> Records for processing:
--
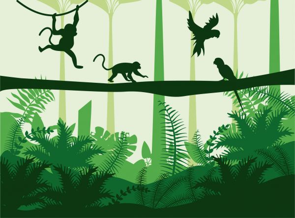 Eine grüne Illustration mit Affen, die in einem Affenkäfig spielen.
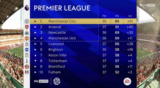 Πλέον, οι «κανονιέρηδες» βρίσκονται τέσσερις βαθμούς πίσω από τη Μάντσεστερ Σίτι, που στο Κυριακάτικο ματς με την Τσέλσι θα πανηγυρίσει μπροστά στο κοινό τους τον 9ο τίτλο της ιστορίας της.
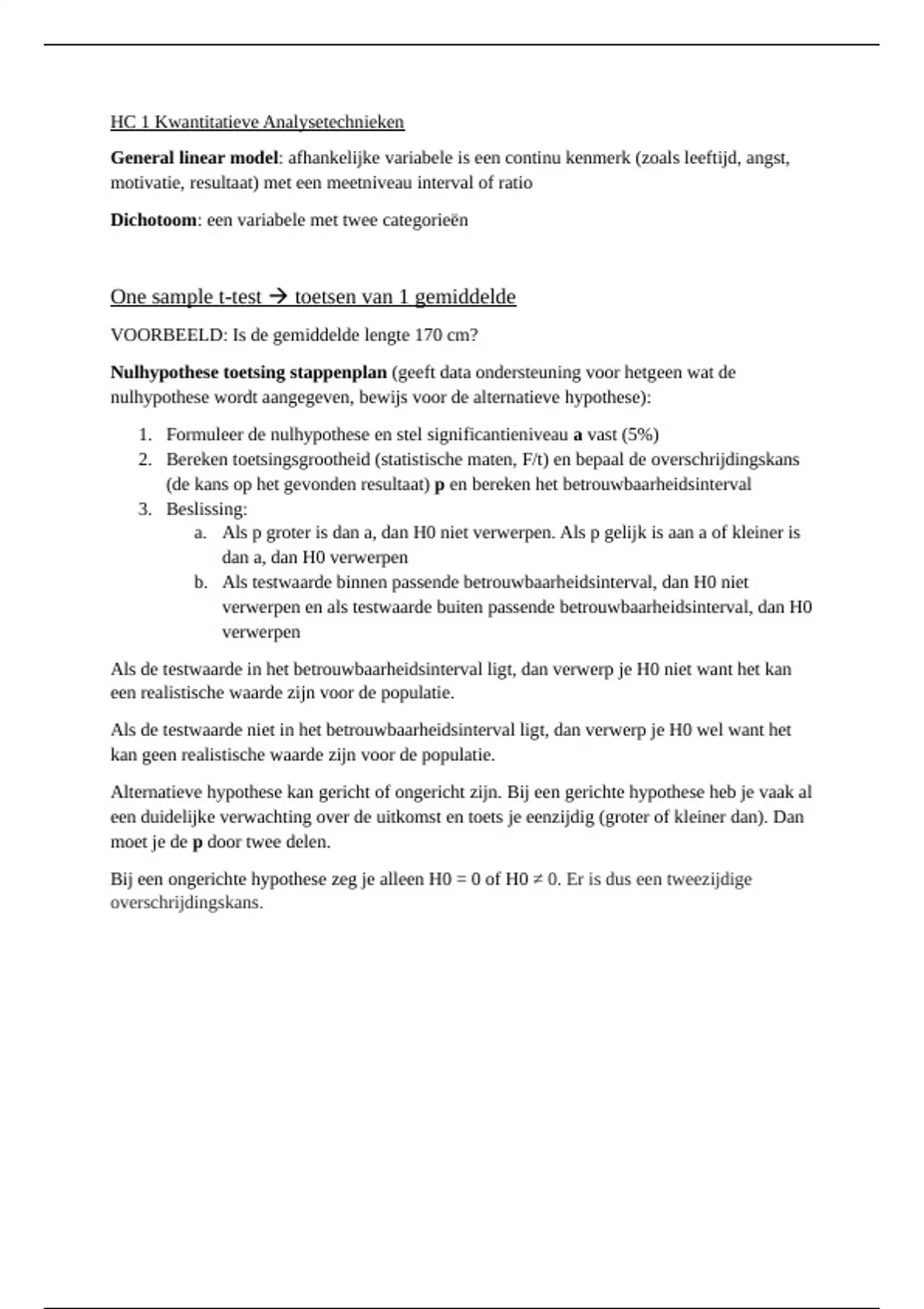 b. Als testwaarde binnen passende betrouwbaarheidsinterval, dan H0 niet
--
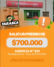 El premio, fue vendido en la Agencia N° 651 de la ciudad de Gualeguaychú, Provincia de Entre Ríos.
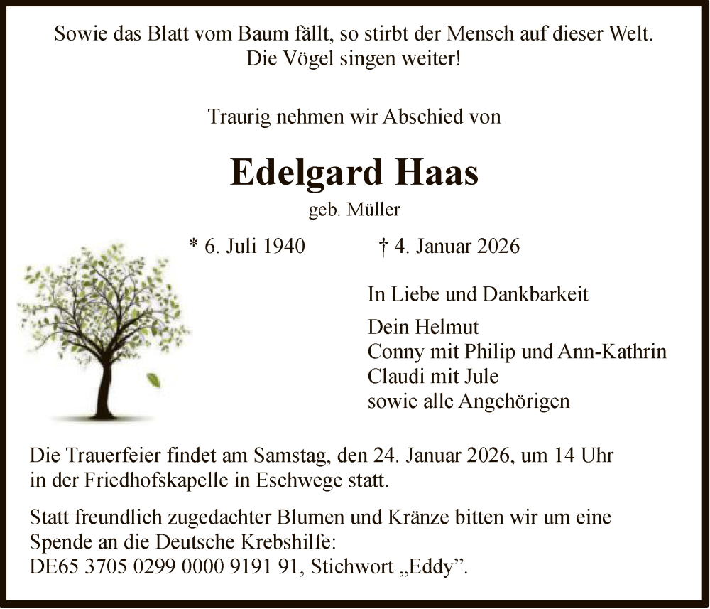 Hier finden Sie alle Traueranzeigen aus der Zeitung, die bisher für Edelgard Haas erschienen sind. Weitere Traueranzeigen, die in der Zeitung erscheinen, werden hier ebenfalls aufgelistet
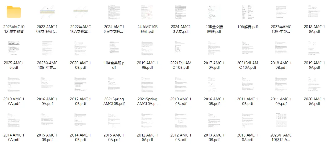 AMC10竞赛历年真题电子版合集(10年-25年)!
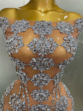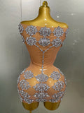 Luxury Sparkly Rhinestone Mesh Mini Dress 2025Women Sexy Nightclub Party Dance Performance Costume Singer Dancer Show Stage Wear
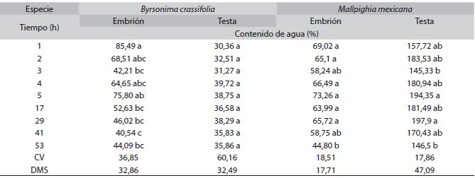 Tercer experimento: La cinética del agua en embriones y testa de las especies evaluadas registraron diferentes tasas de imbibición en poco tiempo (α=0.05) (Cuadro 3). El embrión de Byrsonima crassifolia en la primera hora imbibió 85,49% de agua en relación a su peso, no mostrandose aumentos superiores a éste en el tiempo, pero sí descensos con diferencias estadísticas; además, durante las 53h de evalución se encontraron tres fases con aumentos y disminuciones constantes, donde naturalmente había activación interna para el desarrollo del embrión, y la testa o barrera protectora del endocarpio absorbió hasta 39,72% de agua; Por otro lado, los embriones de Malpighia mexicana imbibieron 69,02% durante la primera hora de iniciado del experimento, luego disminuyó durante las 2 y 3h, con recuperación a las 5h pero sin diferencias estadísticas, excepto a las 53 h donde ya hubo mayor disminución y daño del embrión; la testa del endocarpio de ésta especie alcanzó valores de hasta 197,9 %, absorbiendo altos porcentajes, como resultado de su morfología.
--
> What is needed: Go back to the lines above and output, exactly as they stand, the ones from the line containing "El premio, fue" to the line containing "Luxury Sparkly Rhinestone". Leave all pictures behind.

> Response for this exercise:
 El premio, fue vendido en la Agencia N° 651 de la ciudad de Gualeguaychú, Provincia de Entre Ríos.
 Hier finden Sie alle Traueranzeigen aus der Zeitung, die bisher für Edelgard Haas erschienen sind. Weitere Traueranzeigen, die in der Zeitung erscheinen, werden hier ebenfalls aufgelistet
 AMC10竞赛历年真题电子版合集(10年-25年)!
 Luxury Sparkly Rhinestone Mesh Mini Dress 2025Women Sexy Nightclub Party Dance Performance Costume Singer Dancer Show Stage Wear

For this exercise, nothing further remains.